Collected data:
━━━━━━━━━━━━━━━━

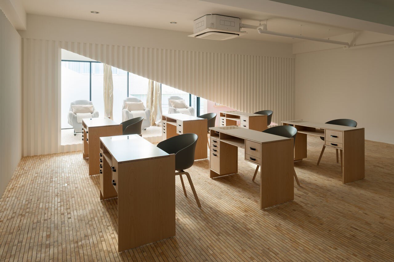 Il designer giapponese Yusuke Seki ha progettato il centro estetico Kolmio+LIM di Osaka utilizzando i toni naturali del legno e il bianco per suggerire l’idea dei diversi colori della pelle, mentre lo spazio rappresenta in maniera simbolica la colorazione delle unghie.
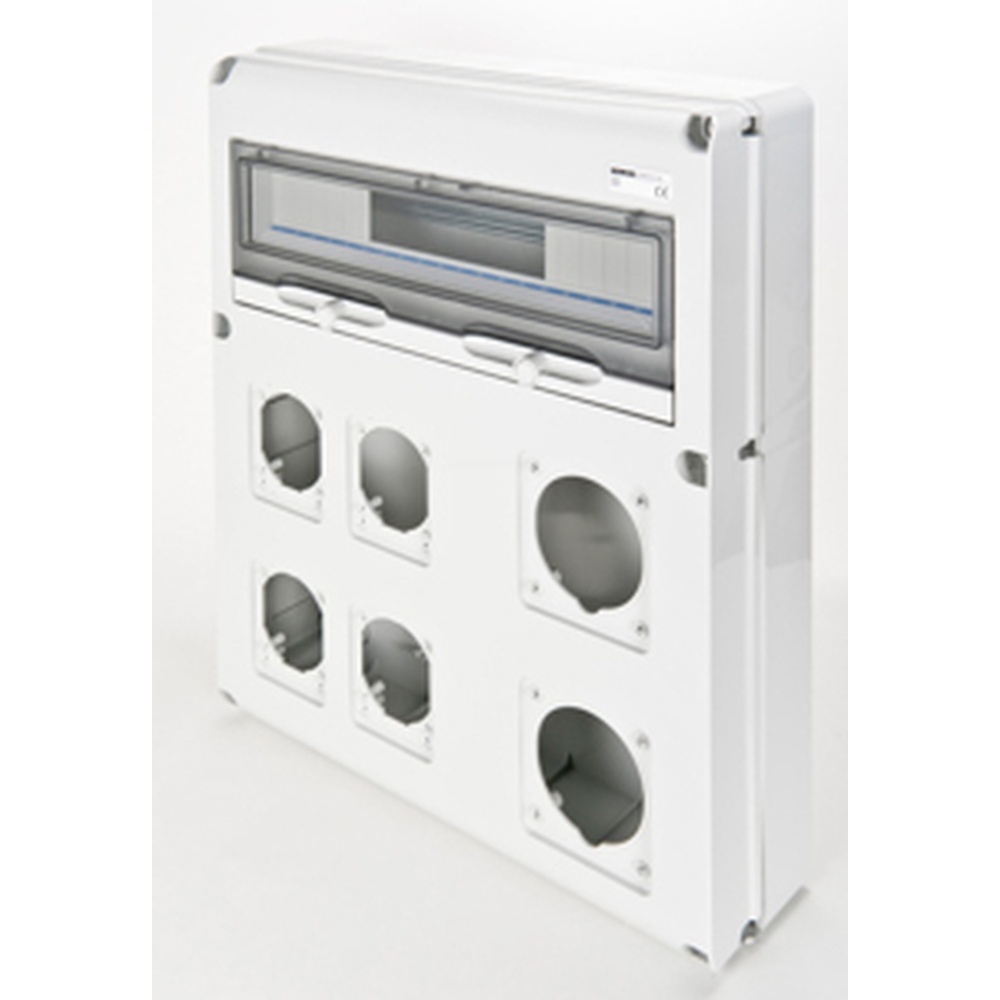 Gewiss Kombinationsgehäuse GW68021N IEC Kombinationsgehaeuse mit 4 Flanschen 16A und 2x63A 20TE IP65 IEC Leergehaeuse fuer Steckdosenkombinationen. Mit Flanschoeffnungen zur einfachen und schnellen Montage von IEC Anbausteckdosen. Verteilerraum unter transparenter Abdeckung zur freien Bestueckung mit Reiheneinbaugeraeten. Der Verteilerraum kann durch ein Sicherheitsschloss nachgeruestet werden. Das Oberteil ist durch Verwendung von Kugelkopfschrauben standardmaessig beidseitig als Scharnier ausgefuehrt. 2 Flansche LxB 110x100 fuer IEC Anbausteckdoes 63A und 4 Flansche LxB 95x80 mm fuer IEC Anbausteckdosen 16 32A Abdeckrahmen der Baureihe System GW27401 GW27403. 2 Blindflansche fuer IEC Steckdose 16 32A und 1 Blindflansch fuer IEC Steckdose 63A sind im Lieferumfang enthalten. Gehaeuseschutzart IP65 Die Schutzart wird durch die Verwendung der Steckdosen und Leitungseinfuehrungen bestimmt . Hersteller Gewiss EAN Nr. 8011564744882 Warengruppe Gewiss Gehäuse
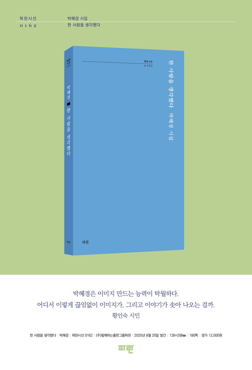 [한 사람을 생각했다]는 박혜경 시인의 첫 번째 신작 시집으로, 「너의 생일」 「감은 네 눈동자 속으로」 「선향의 모자」 등 50편이 실려 있다. 박혜경은 2015년 [작가세계]를 통해 시인으로, 1987년 [동아일보] 신춘문예를 통해 문학평론가로 등단했다. 시집 [한 사람을 생각했다], 비평집 [상처와 응시] [오르페우스의 시선으로], 인문학에세이집 [당신의 차이를 즐겨라] 등을 썼다.
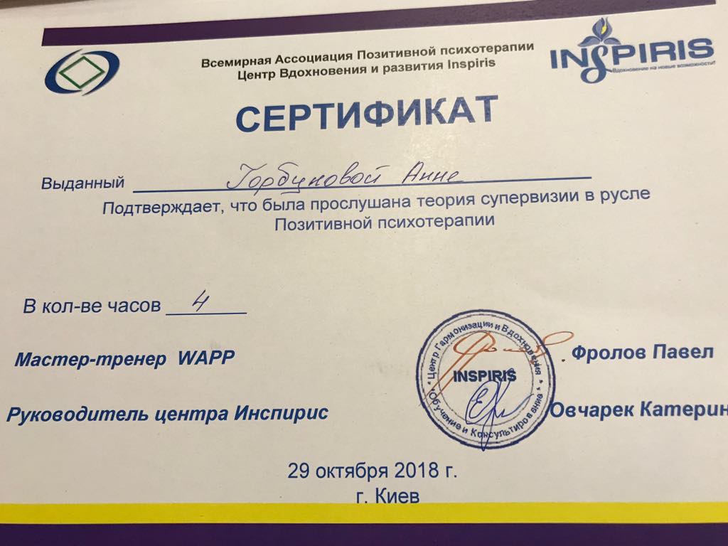 Сертификат о супервизии по методу Позитивная Психотерапия
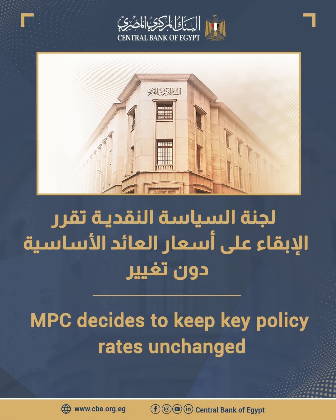 قررت لجنة السياسة النقدية للبنك المركزي المصري في اجتماعها يوم الخميس الموافق 2 إبريل 2026 الإبقاء على أسعار العائد الأساسية دون تغيير.
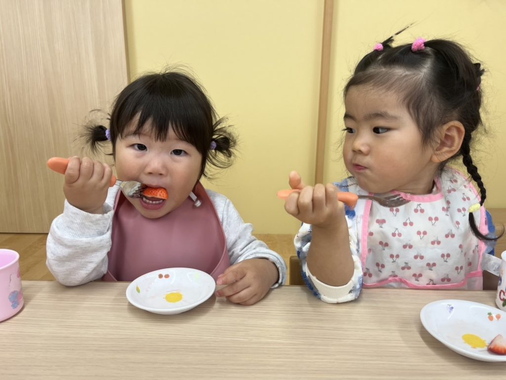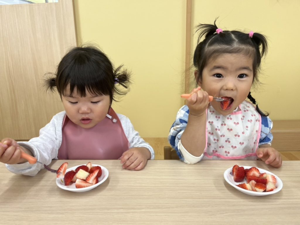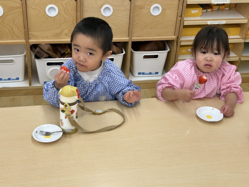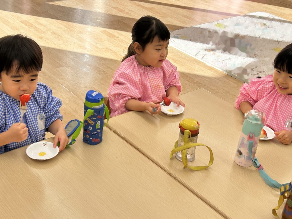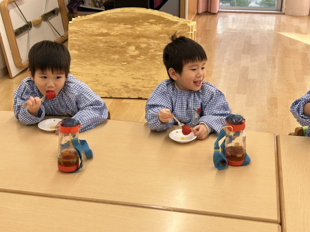 今日の朝おやつはきのうみんなで買ってきたイチゴ🍓
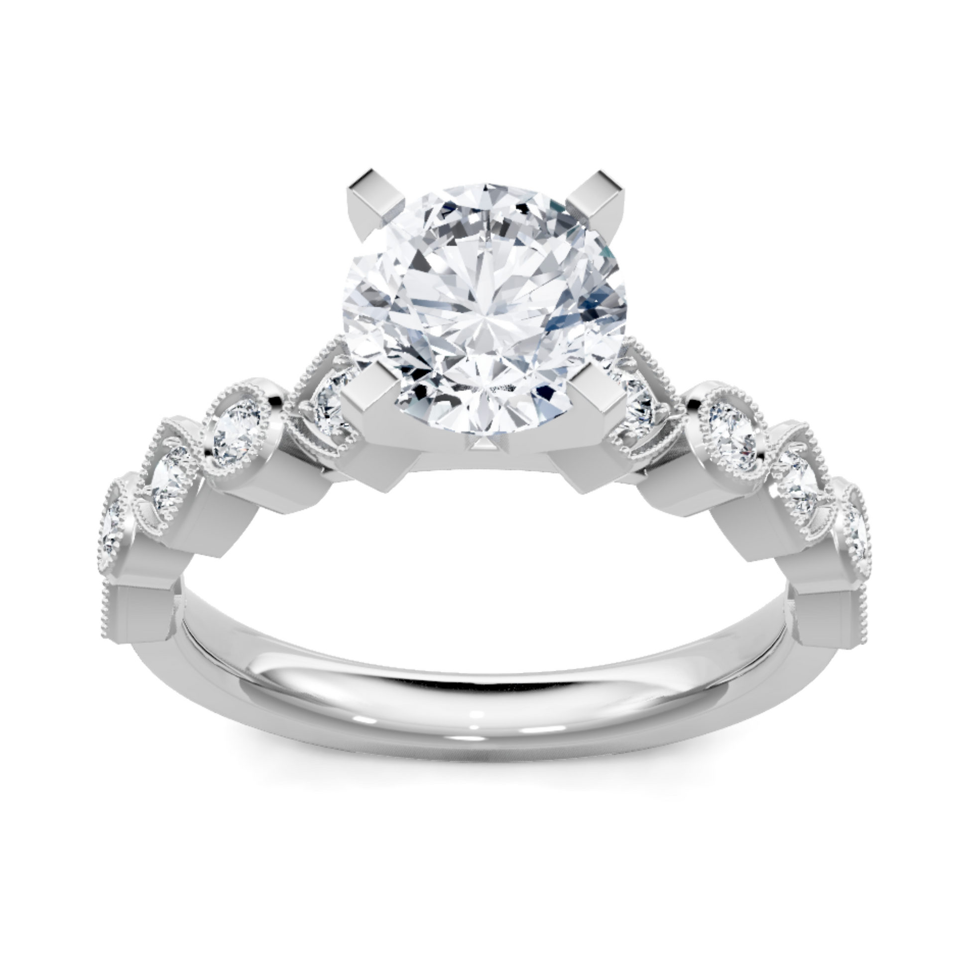 With 10 round pavé diamonds totaling 1/4 carat, this 14K white gold milgrain pave band offers a charming vintage-inspired look. The milgrain edging adds delicate texture while accentuating the sparkle of the diamonds and the semi-mount setting. Crafted by Imagine Bridal, this engagement ring combines luxury with classic detailing, making it ideal for brides who appreciate elegant design rooted in tradition and responsible sourcing. Disclaimer: The center diamond is not included and is sold separately.
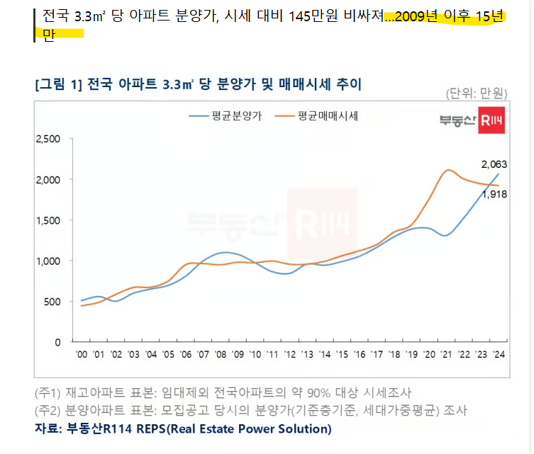 부동산R114 자료에 따르면 2024년 서울 아파트 3.3㎡당 평균 분양가가 약 4,820만 원, 반면 기축 아파트 평균 매매가는 4,300만 원 수준으로 파악되었습니다.
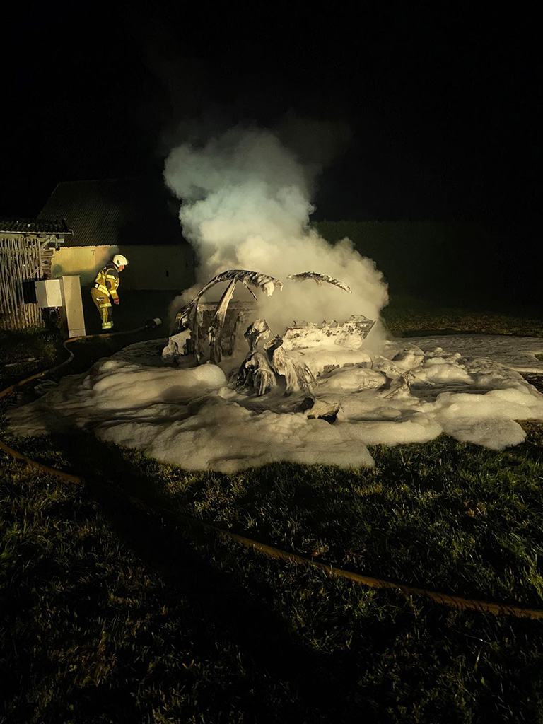 Masin ühendati elektrivõrgust lahti ja kustutati vahurünnakuga. Auto hävis tules peaaegu täielikult, kõrvalolevad hooned kahjustada ei saanud.
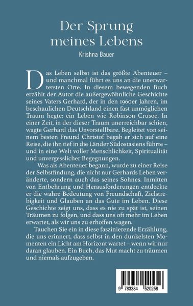 Das Leben selbst ist das größte Abenteuer - und manchmal führt es uns an die unerwartetsten Orte. In diesem bewegenden Buch erzählt der Autor die außergewöhnliche Geschichte seines Vaters Gerhard, der in den 1960er Jahren, im beschaulichen Deutschland einen fast unmöglichen Traum hegte: ein Leben wie Robinson Crusoe. In einer Zeit, in der dieser Traum unerreichbar schien, wagte Gerhard das Unvorstellbare. Begleitet von seinem besten Freund Christof begab er sich auf eine Reise, die ihn tief in die Länder Südostasiens führte - und in eine Welt voller Menschlichkeit, Spiritualität und unvergesslicher Begegnungen.Was als Abenteuer begann, wurde zu einer Reise der Selbstfindung, die nicht nur Gerhards Leben veränderte, sondern auch das seines Sohnes. Inmitten von Entbehrung und Herausforderungen entdeckte er die wahre Bedeutung von Freundschaft, Zielstrebigkeit und Glauben an das Gute im Leben. Diese Geschichte zeigt uns, dass es nie zu spät ist, seinen Träumen zu folgen, und dass uns oft mehr im Leben erwartet, als wir uns zu erhoffen wagen.Tauchen Sie ein in diese faszinierende Erzählung, die uns erinnert, dass selbst in den dunkelsten Momenten ein Licht am Horizont wartet - wenn wir nur daran glauben. Ein Buch, das Mut macht zu träumen und niemals aufzugeben.
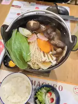 💚😋 We ordered the pork shabu set. The soup was incredibly flavorful and delicious. The pork was sliced perfectly. It also came with rice. Their ingredients are top-quality. And we finished it off with a rich matcha ice cream. It's a great value! 🍦🍨
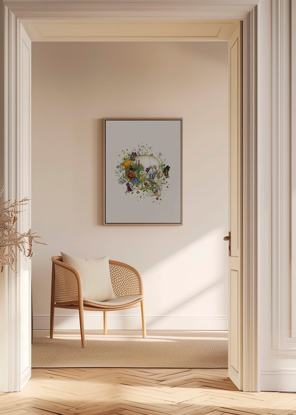 Scandinavian wall art Floral skull
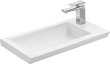 Накладная раковина представляет собой чашу, которая располагается на горизонтальной поверхности. Изделие с плоским дном не заглубляется в тумбочку или столешницу, а просто накладывается сверху. При взгляде на такую раковину может казаться, что ее легко сдвинуть. Но на самом деле она крепко прикреплена.
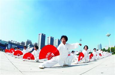 沈陽市跆拳道協(xié)會(huì)會(huì)員表演太極扇 展演隊(duì)伍中人數(shù)最多的,還是群眾體育團(tuán)隊(duì)。作為群眾體育一項(xiàng)重要的健身成果,廣場舞已經(jīng)從中國走向世界,活動(dòng)現(xiàn)場,在優(yōu)美的舞曲聲中,廣場舞團(tuán)隊(duì)翩翩起舞;健步走是近年來群眾喜聞樂見的運(yùn)動(dòng)方式,在活動(dòng)現(xiàn)場,健步走團(tuán)隊(duì)就為人們展示了遼沈群眾的風(fēng)采;秧歌是東北地區(qū)的特色,如今秧歌也與群眾體育融為一體,活動(dòng)現(xiàn)場,在威風(fēng)鑼鼓的伴奏下,健身秧歌隊(duì)伍載歌載舞,表現(xiàn)出了極佳的精神風(fēng)貌; 手拍鼓或許并不難學(xué),但數(shù)百人一起表演卻不容易,活動(dòng)現(xiàn)場,手拍鼓團(tuán)隊(duì)動(dòng)作整齊劃一,讓人嘆為觀止。太極扇是展演的高潮部分,背景音樂是鏗鏘有力的《中國功夫》,讓所有人的心仿佛都跟著一起跳動(dòng)。 -
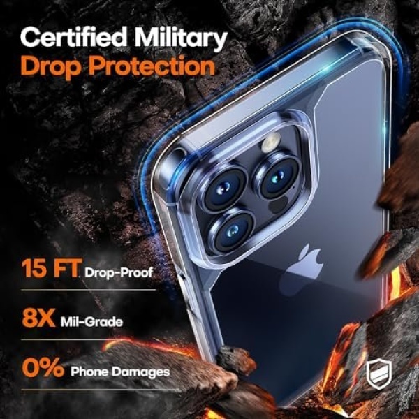 【15FT Military-grade Protection】TAURI for iPhone 15 Pro Case Clear is certified drop test, combines a soft-frame and hard PC back cover with 4 built-in corner Airbags to absorb impact, can prevent your phone from accidental drops, bumps and scratches.
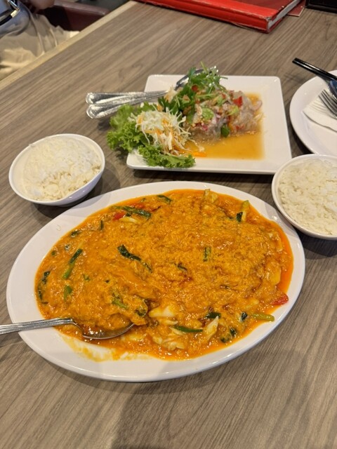蟹をカレーと卵で炒めたプーパッポンカリー発祥の店。
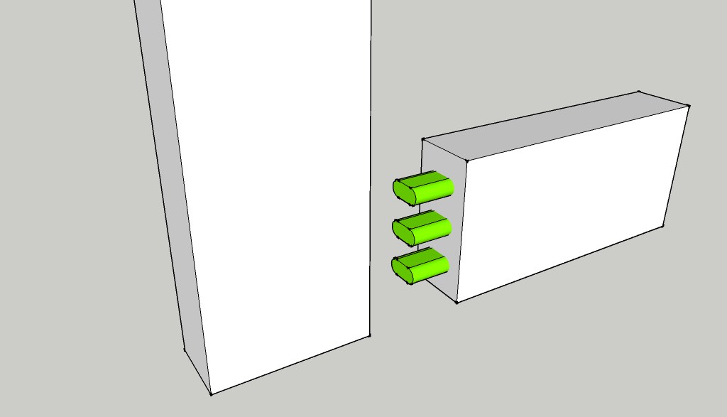 Maintenant que j'ai plus ou moins arrêté les plans de mon établi je commence à me poser quelques questions concernant l'assemblage de mon ossature en bois. Disposant de la petite domino de festool, pourriez-vous me dire lesquels des deux assemblages ci-dessous serait le plus approprié ? (la pièce fait une section de 40*90mm et les dominos font 10mm d'épaisseur par 24 environ de largeur par 50mm de profondeur)
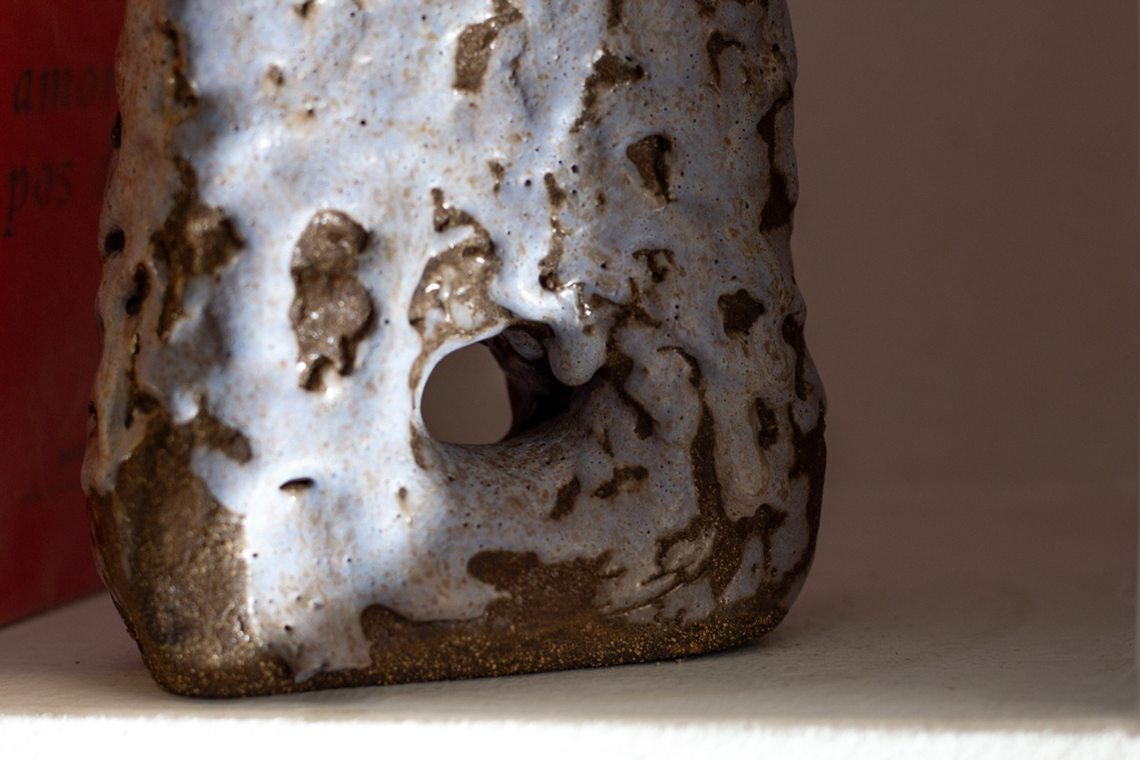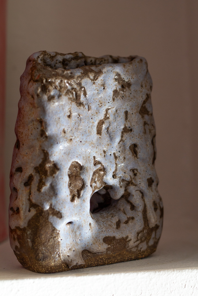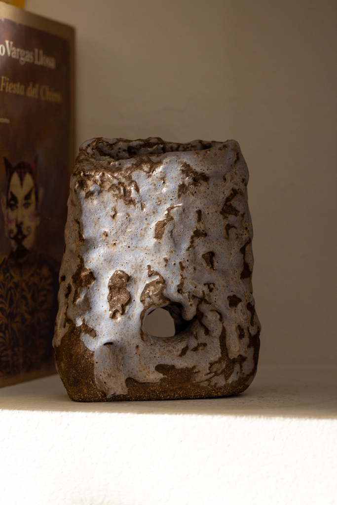 Gres negro chamotado, esmalte del taller nº3, técnica del pellizco, textura orgánica.

━━━━━━━━━━━━━━━━

> _Problem_
Return the records above exactly as written, but without any of the pictures.

> _Output of the task_
 Il designer giapponese Yusuke Seki ha progettato il centro estetico Kolmio+LIM di Osaka utilizzando i toni naturali del legno e il bianco per suggerire l’idea dei diversi colori della pelle, mentre lo spazio rappresenta in maniera simbolica la colorazione delle unghie.
 Gewiss Kombinationsgehäuse GW68021N IEC Kombinationsgehaeuse mit 4 Flanschen 16A und 2x63A 20TE IP65 IEC Leergehaeuse fuer Steckdosenkombinationen. Mit Flanschoeffnungen zur einfachen und schnellen Montage von IEC Anbausteckdosen. Verteilerraum unter transparenter Abdeckung zur freien Bestueckung mit Reiheneinbaugeraeten. Der Verteilerraum kann durch ein Sicherheitsschloss nachgeruestet werden. Das Oberteil ist durch Verwendung von Kugelkopfschrauben standardmaessig beidseitig als Scharnier ausgefuehrt. 2 Flansche LxB 110x100 fuer IEC Anbausteckdoes 63A und 4 Flansche LxB 95x80 mm fuer IEC Anbausteckdosen 16 32A Abdeckrahmen der Baureihe System GW27401 GW27403. 2 Blindflansche fuer IEC Steckdose 16 32A und 1 Blindflansch fuer IEC Steckdose 63A sind im Lieferumfang enthalten. Gehaeuseschutzart IP65 Die Schutzart wird durch die Verwendung der Steckdosen und Leitungseinfuehrungen bestimmt . Hersteller Gewiss EAN Nr. 8011564744882 Warengruppe Gewiss Gehäuse
 [한 사람을 생각했다]는 박혜경 시인의 첫 번째 신작 시집으로, 「너의 생일」 「감은 네 눈동자 속으로」 「선향의 모자」 등 50편이 실려 있다. 박혜경은 2015년 [작가세계]를 통해 시인으로, 1987년 [동아일보] 신춘문예를 통해 문학평론가로 등단했다. 시집 [한 사람을 생각했다], 비평집 [상처와 응시] [오르페우스의 시선으로], 인문학에세이집 [당신의 차이를 즐겨라] 등을 썼다.
 Сертификат о супервизии по методу Позитивная Психотерапия
 قررت لجنة السياسة النقدية للبنك المركزي المصري في اجتماعها يوم الخميس الموافق 2 إبريل 2026 الإبقاء على أسعار العائد الأساسية دون تغيير.
 今日の朝おやつはきのうみんなで買ってきたイチゴ🍓
 With 10 round pavé diamonds totaling 1/4 carat, this 14K white gold milgrain pave band offers a charming vintage-inspired look. The milgrain edging adds delicate texture while accentuating the sparkle of the diamonds and the semi-mount setting. Crafted by Imagine Bridal, this engagement ring combines luxury with classic detailing, making it ideal for brides who appreciate elegant design rooted in tradition and responsible sourcing. Disclaimer: The center diamond is not included and is sold separately.
 부동산R114 자료에 따르면 2024년 서울 아파트 3.3㎡당 평균 분양가가 약 4,820만 원, 반면 기축 아파트 평균 매매가는 4,300만 원 수준으로 파악되었습니다.
 Masin ühendati elektrivõrgust lahti ja kustutati vahurünnakuga. Auto hävis tules peaaegu täielikult, kõrvalolevad hooned kahjustada ei saanud.
 Das Leben selbst ist das größte Abenteuer - und manchmal führt es uns an die unerwartetsten Orte. In diesem bewegenden Buch erzählt der Autor die außergewöhnliche Geschichte seines Vaters Gerhard, der in den 1960er Jahren, im beschaulichen Deutschland einen fast unmöglichen Traum hegte: ein Leben wie Robinson Crusoe. In einer Zeit, in der dieser Traum unerreichbar schien, wagte Gerhard das Unvorstellbare. Begleitet von seinem besten Freund Christof begab er sich auf eine Reise, die ihn tief in die Länder Südostasiens führte - und in eine Welt voller Menschlichkeit, Spiritualität und unvergesslicher Begegnungen.Was als Abenteuer begann, wurde zu einer Reise der Selbstfindung, die nicht nur Gerhards Leben veränderte, sondern auch das seines Sohnes. Inmitten von Entbehrung und Herausforderungen entdeckte er die wahre Bedeutung von Freundschaft, Zielstrebigkeit und Glauben an das Gute im Leben. Diese Geschichte zeigt uns, dass es nie zu spät ist, seinen Träumen zu folgen, und dass uns oft mehr im Leben erwartet, als wir uns zu erhoffen wagen.Tauchen Sie ein in diese faszinierende Erzählung, die uns erinnert, dass selbst in den dunkelsten Momenten ein Licht am Horizont wartet - wenn wir nur daran glauben. Ein Buch, das Mut macht zu träumen und niemals aufzugeben.
 💚😋 We ordered the pork shabu set. The soup was incredibly flavorful and delicious. The pork was sliced perfectly. It also came with rice. Their ingredients are top-quality. And we finished it off with a rich matcha ice cream. It's a great value! 🍦🍨
 Scandinavian wall art Floral skull
 Накладная раковина представляет собой чашу, которая располагается на горизонтальной поверхности. Изделие с плоским дном не заглубляется в тумбочку или столешницу, а просто накладывается сверху. При взгляде на такую раковину может казаться, что ее легко сдвинуть. Но на самом деле она крепко прикреплена.
 沈陽市跆拳道協(xié)會(huì)會(huì)員表演太極扇 展演隊(duì)伍中人數(shù)最多的,還是群眾體育團(tuán)隊(duì)。作為群眾體育一項(xiàng)重要的健身成果,廣場舞已經(jīng)從中國走向世界,活動(dòng)現(xiàn)場,在優(yōu)美的舞曲聲中,廣場舞團(tuán)隊(duì)翩翩起舞;健步走是近年來群眾喜聞樂見的運(yùn)動(dòng)方式,在活動(dòng)現(xiàn)場,健步走團(tuán)隊(duì)就為人們展示了遼沈群眾的風(fēng)采;秧歌是東北地區(qū)的特色,如今秧歌也與群眾體育融為一體,活動(dòng)現(xiàn)場,在威風(fēng)鑼鼓的伴奏下,健身秧歌隊(duì)伍載歌載舞,表現(xiàn)出了極佳的精神風(fēng)貌; 手拍鼓或許并不難學(xué),但數(shù)百人一起表演卻不容易,活動(dòng)現(xiàn)場,手拍鼓團(tuán)隊(duì)動(dòng)作整齊劃一,讓人嘆為觀止。太極扇是展演的高潮部分,背景音樂是鏗鏘有力的《中國功夫》,讓所有人的心仿佛都跟著一起跳動(dòng)。 -
 【15FT Military-grade Protection】TAURI for iPhone 15 Pro Case Clear is certified drop test, combines a soft-frame and hard PC back cover with 4 built-in corner Airbags to absorb impact, can prevent your phone from accidental drops, bumps and scratches.
蟹をカレーと卵で炒めたプーパッポンカリー発祥の店。
 Maintenant que j'ai plus ou moins arrêté les plans de mon établi je commence à me poser quelques questions concernant l'assemblage de mon ossature en bois. Disposant de la petite domino de festool, pourriez-vous me dire lesquels des deux assemblages ci-dessous serait le plus approprié ? (la pièce fait une section de 40*90mm et les dominos font 10mm d'épaisseur par 24 environ de largeur par 50mm de profondeur)
 Gres negro chamotado, esmalte del taller nº3, técnica del pellizco, textura orgánica.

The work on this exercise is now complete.